You don't have to be a horror fan to recognize the magic of Shelley Duvall, whose iconic roles in The Shining, Annie Hall and more are forever cemented in film history. As one of the most gifted actresses throughout the '70s and '80s, Duvall seemed to be on top of the world. Then, she left the industry in the early '00s.
Every horror buff's ears perked up at the sight of Duvall's name being attached to the upcoming independent horror film The Forest Hills, written and directed by Scott Goldberg. The film follows a man who is haunted by terrifying visions and hallucinations after suffering head trauma while camping. Also starring Edward Furlong, Chiko Mendez and Dee Wallace, Duvall will play as the mother of the main character (Mendez).
“We are huge fans of The Shining and it’s honestly one of my favorite horror movies of all time, up there with John Carpenter’s Halloween and George A. Romero’s Day of the Dead with the dark tones they delivered in their movies, along with perfect scores and elements that make them my personal favorites,” Goldberg said of Duvall's casting. “Shelley contributed to The Shining being an absolute masterpiece by giving her all, and performing in a way that really showcased the fear and horror of a mother in isolation.”
The Shining is one of the most iconic horror films of all time, but it was also a testament to Stanley Kubrick's intense directing style that caused a lot of tension. After his previous film, Barry Lyndon, suffered from poor box office numbers, he was determined to create a masterpiece. He would often do countless takes of the same scene until the dialogue felt natural, or he'd change the script right before they'd shoot a scene.
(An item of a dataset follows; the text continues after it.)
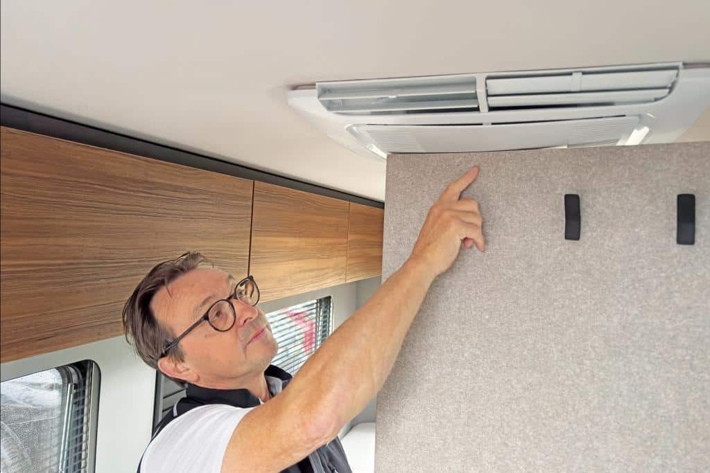 Die Verarbeitung ist anstandslos, so viel wird schnell deutlich. Kanten, Umleimer, Stoßfugen, das alles ist sauber ausgeführt. Die Abdichtung in den Nassbereichen ist ebenfalls gut, Schwächen findet der Möbelprofi aber in der Konstruktion und der Montage. So schleifen die Türen von Bad und Kleiderschrank an der Klimaanlage, „das muss nicht sein, kann natürlich an der Vorserie liegen.“ Und mit dem gerafften Duschvorhang an der Wand bleibt die Toilette nicht offen. „Auch das ein Unding, wenn jedoch leicht zu ändern. Und die unschön an die Wand geschraubte Radlaufverkleidung im Bad über dem schicken Boden ist auch ein optischer Ausreißer.“
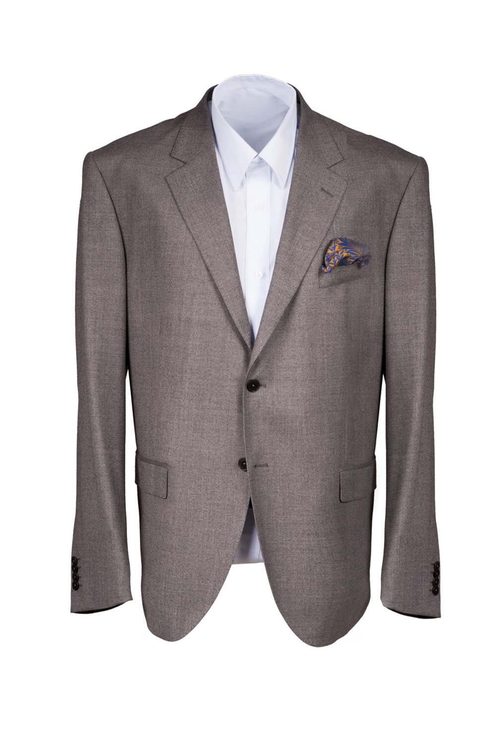 Sacou cu croiala clasica, marimi mari, pe talia I, realizat din lana gri. Compozitie: 100% lana

Jack Nicholson, who plays the film's main character that descends into madness, was forced to eat the same cheese sandwich for weeks.
However, Duvall dealt with the brunt of Kubrick's mad genius, suffering from actual isolation and loneliness. Kubrick instructed the cast and crew to minimize contact with her and would only praise other cast members' performances. She would have to do up to thirty takes of the same scenes where she would cry nonstop, often while holding Danny Lloyd, who played her young son in the film. The result is an exhausted Duvall who embodied the role of a terrified mother perfectly. Despite this, Stephen King, who wrote the book the film is based on, despised the adaptation and felt that Duvall's performance was not at all what he wrote originally. Co-screenwriter Diane Johnson also noted that in original script drafts, Duvall had more dialogue and was not as meek and submissive as she was portrayed in the final film.
Duvall starred in many other movies well into the '80s and slowed down toward the end of the '90s. In 2002, she starred in her final film, Manna from Heaven. She then retired and lived out of the public eye.
Duvall's tumultuous relationship with Hollywood resurfaced after a controversial 2016 appearance on Dr. Phil, in which she came out of retirement for a rare interview. Suffering from obvious mental health issues, Dr. Phil drew a lot of criticism for his exploitation of Duvall's mental state, which was painted as a mockery. Duvall eventually addressed everything in a 2021 interview with The Hollywood Reporter, even clearing up some of the air between her and Kubrick.
"He was very warm and friendly to me,” she says. “He spent a lot of time with Jack and me. He just wanted to sit down and talk for hours while the crew waited." Nonetheless, she also acknowledged the grueling process of shooting her iconic role.
We welcome Shelley Duvall back with open arms, and we hope she can add another film to her portfolio that she's proud of for a new generation to enjoy.